My SO is amazing and that night sent her a text telling her she is no longer any part of the rehearsal or wedding planning. He's been ignoring her texts since (obviously checking for emergencies, but it's just her saying mean shit to him.)
I'm so glad to live 350 miles away from this psycho. I just wanted to eat, what in the f.
RELEVANT COMMENTS
Fourbass: In some locales you can call the local police non-emergency line (or drop in to the local station) and ask about hiring an off-duty officer (in uniform if you wish) to provide security presence at a wedding and reception - and be sure to say they’ll get free food too! 8-).
They may refer you to their local FOP. But young officers are always looking to pick up the odd security job here and there and some extra pay. Their presence tends to have a calming effect on trouble makers. Good luck and best wishes!
OOP
Oh this is so good to know. I f you not , my entire family is ready to kick her out physically, but I don't want them to have to spoil their time. An officer would be better, and damn it will be funny when she makes a scene.
10MileHike
You are the bride, with a serious food sensitivity, but "everyone will be sick if they eat there" was all she had to say? I guess the Everyone didn't include you, the bride.

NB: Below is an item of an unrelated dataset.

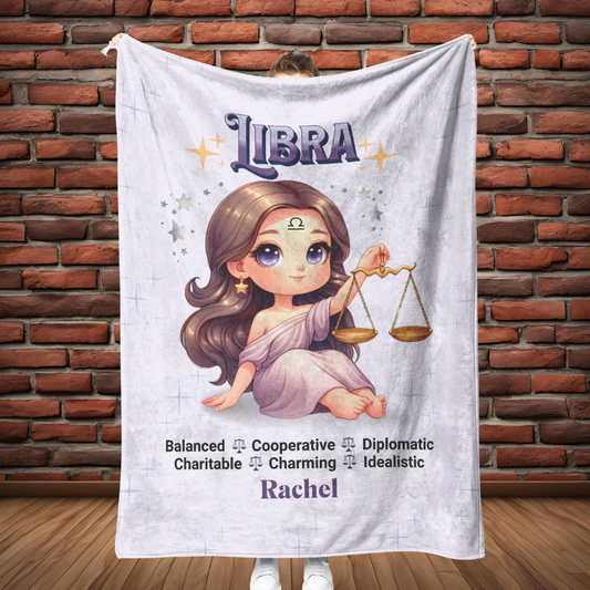 Libra Girl Personalized Fleece/Sherpa Blanket

I hope you enjoy your reception and wedding day. At this point I would run off and get married on the sly and have a reception and wedding sometime in the future if and when your controlling MIL comes to her senses.
OOP
I've always wanted a traditional wedding since I was a little girl, but she even made me want to just elope. But I'm not going to let some old mad woman ruin that. I will grab my popcorn and watch her make a fool of herself. No one is going to see her freak out and go "it's the brides fault"
Pale_Expert
It sounds like she was not paying for the rehearsal dinner out of kindness but rather some sort of weird power play as the MIL. Good for you for putting your foot down.
We have not seen my husband’s mother since our wedding day 13 years ago because she had a history of abuse, narcissism and lying and she pulled some toxic shit at the reception. Sometimes cutting people out of your life is the smart choice.
OOPShe wanted to pay for it because my family is paying for the wedding and anytime my family does something nice, she has to try and compete.
Ex. My family brought my fiance on a trip to SA, for free, for 2 weeks. All MIL did was call my fiance to complain and talk s about my family.